Monday, Dec. 02, 1991
Full Service
By Richard Lacayo
THE MAN TO SEE by Evan Thomas
Simon & Schuster
587 pages; $27.50
Influential Washington attorneys are like political parties, one of those essential institutions of government that the Constitution doesn't mention. In a town where access is power, they have their hands on all the best doorknobs. They also keep the workings of justice supple enough to accommodate Washington's many influence peddlers, fixers and shifty politicians, who can go about their business secure in the knowledge that in a pinch, they can always phone their lawyers.
Those who could afford it used to phone Edward Bennett Williams, who until his death in 1988 was one of the most effective lawyers Washington had ever seen, the attorney of choice for malefactors of great wealth or high profile (among them Senator Joe McCarthy, Teamster chief Jimmy Hoffa, Congressman Adam Clayton Powell Jr. and Mob boss Frank Costello, the model for Mario Puzo's Godfather). Evan Thomas, Washington bureau chief of Newsweek, tells the Williams story as it should be told, with due attention to the man's boozy, backslapping charm, his genius for the law, and his untiring willingness to place his gifts at the service of dubious characters.

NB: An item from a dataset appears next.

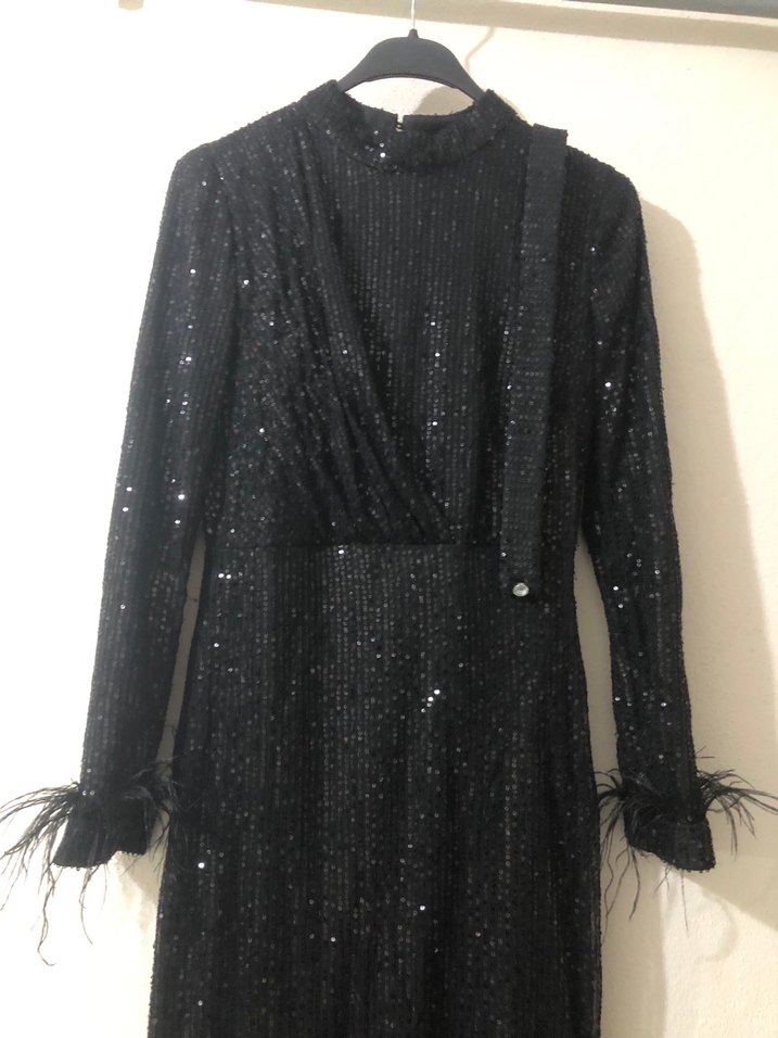 Dar kesim siyah abiye elbise, uzun kollu ve yüksek yakalıdır. Manşetlerde kürk detayları bulunur ve hafif ışıltılı görünümüyle dikkat çeker. ✨

An Irish Catholic from a modest Connecticut family, Williams was a courtroom spellbinder with a photographic memory and an endless bag of trial-winning tricks. The powerful took notice. In time Williams' client roster would feature fewer names like "Nutsy" Schwartz and more like former Treasury Secretary John Connally. With his controlling interest in the Washington Redskins, Williams made the owner's box a showplace for Washington's elite. By 1974 he had become treasurer of the Democratic National Committee, a job that didn't keep him from voting for Gerald Ford, who had once offered him the job of CIA director. Williams turned it down. For one thing, he couldn't afford the pay cut.
Williams never quite comes off as admirable in this book. But Thomas makes you see the man's rough charm in his role of Mr. Fixit, first courtier at various thrones and, as Thomas calls him, "a full-service favor bank for his friends."